Das zweite Highlight neben der Dual-Kamera ist der Fingerabdrucksensor. Er soll das Smartphone laut Hersteller innerhalb von 0,4 Sekunden entsperren. Ob der Wert stimmt, ließ sich im Test nicht überprüfen. Dafür arbeitete der Sensor zu schnell. Es genügte das einmalige Tippen darauf, um das Smartphone zu entsperren. Darüber hinaus dient der Sensor auch als Bedienknopf. In den Einstellungen könnt Ihr den sogenannten Smart Key zum Beispiel so einstellen, dass er bei einmaligem Drücken die Kamera-App öffnet, bei zweimaligen Drücken den Browser und bei einem langen Druck die Google-App. Als Home-Button fungiert er dagegen leider nicht. Das ist ein Umstand, an den ich mich erstmal gewöhnen musste.

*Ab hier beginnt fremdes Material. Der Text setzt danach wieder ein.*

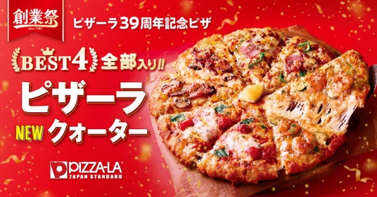 創業39周年を記念して、販売中のレギュラーメニューから人気上位4商品を一枚に詰め込んだ、特別なクォーターピザが登場します。
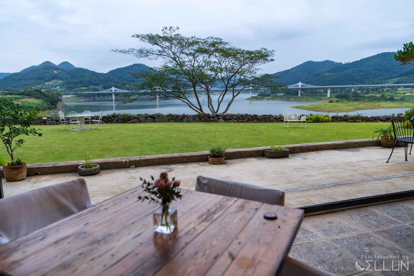호수 바로 앞이 정원으로 꾸며져 있는데 정면으로 옥정호를 건너는 운암대교를 바라보는 위치에 있어서

Die restliche Ausstattung ist in der oberen Mittelklasse angesiedelt: Das 5,2 Zoll große Display löst, wie beim P9, mit Full-HD auf, bietet aber einen guten Kontrast, stabile Blickwinkel und lebensechte Farben: Filme, Serien und Spiele sehen auf dem Honor 8 gut aus. Einzig für Virtual Reality taugt der Bildschirm nicht. Im Inneren taktet der Kirin 950, der auch im Huawei Mate 8 steckt. Zusammen mit vier Gigabyte Arbeitsspeicher bringt er genug Leistung für aktuelle Spiele und einwandfreies Arbeitstempo. Im AnTuTu erreicht das Honor 8 runde 95.000 Punkte. Das ist mittlerweile kein Spitzenwert mehr, lässt aber zum Beispiel das deutlich teurere Sony Xperia X (rund 72.100 Punkte) alt aussehen.

Der Kirin 950 spart Strom

Dazu kommt, dass der Chip wie im Huawei Mate 8 stromsparend arbeitet. So bietet auch das Honor 8 bei gemäßigter Nutzung eine Laufzeit von im Schnitt eineinhalb Tagen. Das OnePlus 3 mit gleich großem Akku hält nicht so lange durch. Dazu kommt, dass der 3000-mAh-Akku dank Schnellladefunktion flott wieder gefüllt ist. Komplett leer braucht er nur zehn Minuten an der Steckdose, um wieder auf 17 Prozent zu kommen. Das reicht für ein paar Stunden Betrieb. Und der Speicher? In Deutschland wird es das Honor 8 mit 32 oder 64 Gigabyte Speicher geben. Braucht Ihr mehr, könnt Ihr per microSD-Karte bis zu 128 Gigabyte nachrüsten.

Beim Betriebssystem setzen die Chinesen trotz des bereits verfügbaren Anrdoid 7.0 Nougat auf die vorherige Version Android 6.0 Marshmallow. Das liegt daran, dass das Smartphone in China und den USA bereits vorgestellt wurde. Über das System legt Honor wie gewohnt die EMUI, hier in der Version 4.1. Mir persönlich gefällt die Oberfläche überhaupt nicht. Mit einem alternativen Launcher ist dieser Makel aber schnell behoben. Nervig bleibt die vorinstallierte Bloatware, unter anderem eine Hotel-App und zahlreichen Gameloft-Spiele. Immerhin könnt Ihr die unnötigen Anwendungen ohne Probleme entfernen.

Für die Zukunft verspricht Honor, das Smartphone zwei Jahre lang mit Updates zu versorgen. Wann es Android Nougat für das Honor 8 geben wird, ist aber noch nicht bekannt. Zumindest beim Honor 7 hat es aber sieben Monate gedauert, bis das Update von Lollipop auf Marshmallow verfügbar war. Kleiner Hoffnungsschimmer: Eine Nougat-Beta für das P9 wurde vor einigen Wochen gesichtet. Und so groß ist der Unterschied zwischen den beiden Smartphones ja nicht.

Fazit: das wahre P9 Lite

Gute Kameras, ausreichend Leistung und ein schickes Design: Mit dieser Mischung dürfte das Smartphone viele Abnehmer finden. Mit einem Preis von 399 Euro für die 32-Gigabyte-Versio kostet es auch 170 Euro weniger als das Vorbild Huawei P9. Verzichten müsst Ihr dafür nur auf den Monochrom-Modus der Kamera und den etwas schnelleren "Kirin 955"-Chip. Mitbewerber im Preissegment wie das OnePlus 3 oder ZTE Axon 7 versprechen zwar mehr Leistung oder mehr Pixel. Ihnen fehlt allerdings ein Alleinstellungsmerkmal wie die Dual-Kamera.